* Brief
Print the listing below a second time, exactly, and omit its images.

* Supplied information
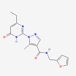 1-(4-ethyl-6-oxo-1,6-dihydropyrimidin-2-yl)-N-[(furan-2-yl)methyl]-5-methyl-1H-pyrazole-4-carboxamide is a complex organic compound that features a unique combination of pyrimidine, pyrazole, and furan moieties
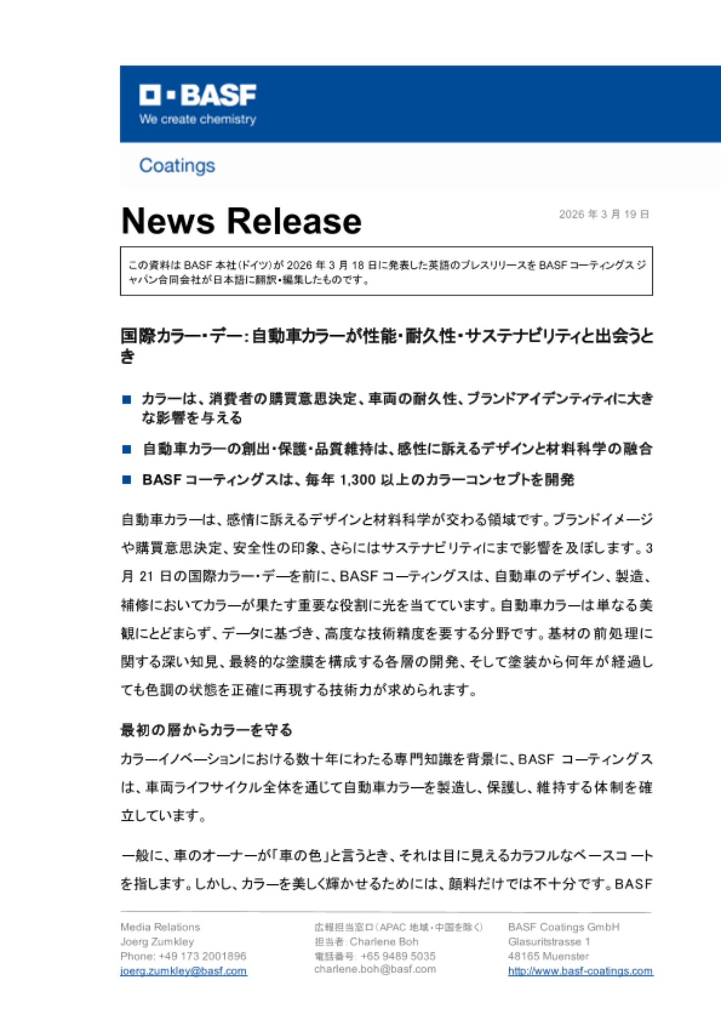 この資料は BASF 本社(ドイツ)が2026年3月18日に発表した英語のプレスリリースを BASF コーティングス ジャパン合同会社が日本語に翻訳・編集したものです。
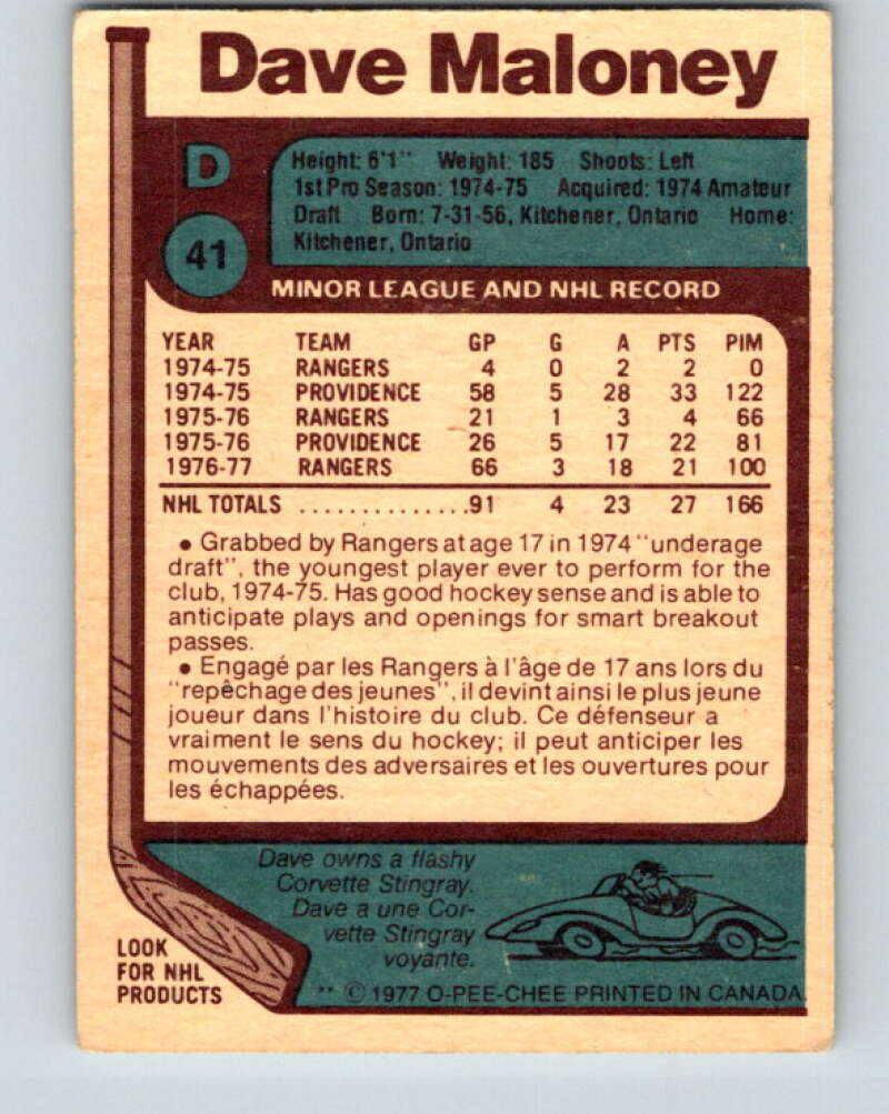 1977-78 O-Pee-Chee #41 Dave Maloney New York Rangers V13198

* Expected answer
 1-(4-ethyl-6-oxo-1,6-dihydropyrimidin-2-yl)-N-[(furan-2-yl)methyl]-5-methyl-1H-pyrazole-4-carboxamide is a complex organic compound that features a unique combination of pyrimidine, pyrazole, and furan moieties
 この資料は BASF 本社(ドイツ)が2026年3月18日に発表した英語のプレスリリースを BASF コーティングス ジャパン合同会社が日本語に翻訳・編集したものです。
 1977-78 O-Pee-Chee #41 Dave Maloney New York Rangers V13198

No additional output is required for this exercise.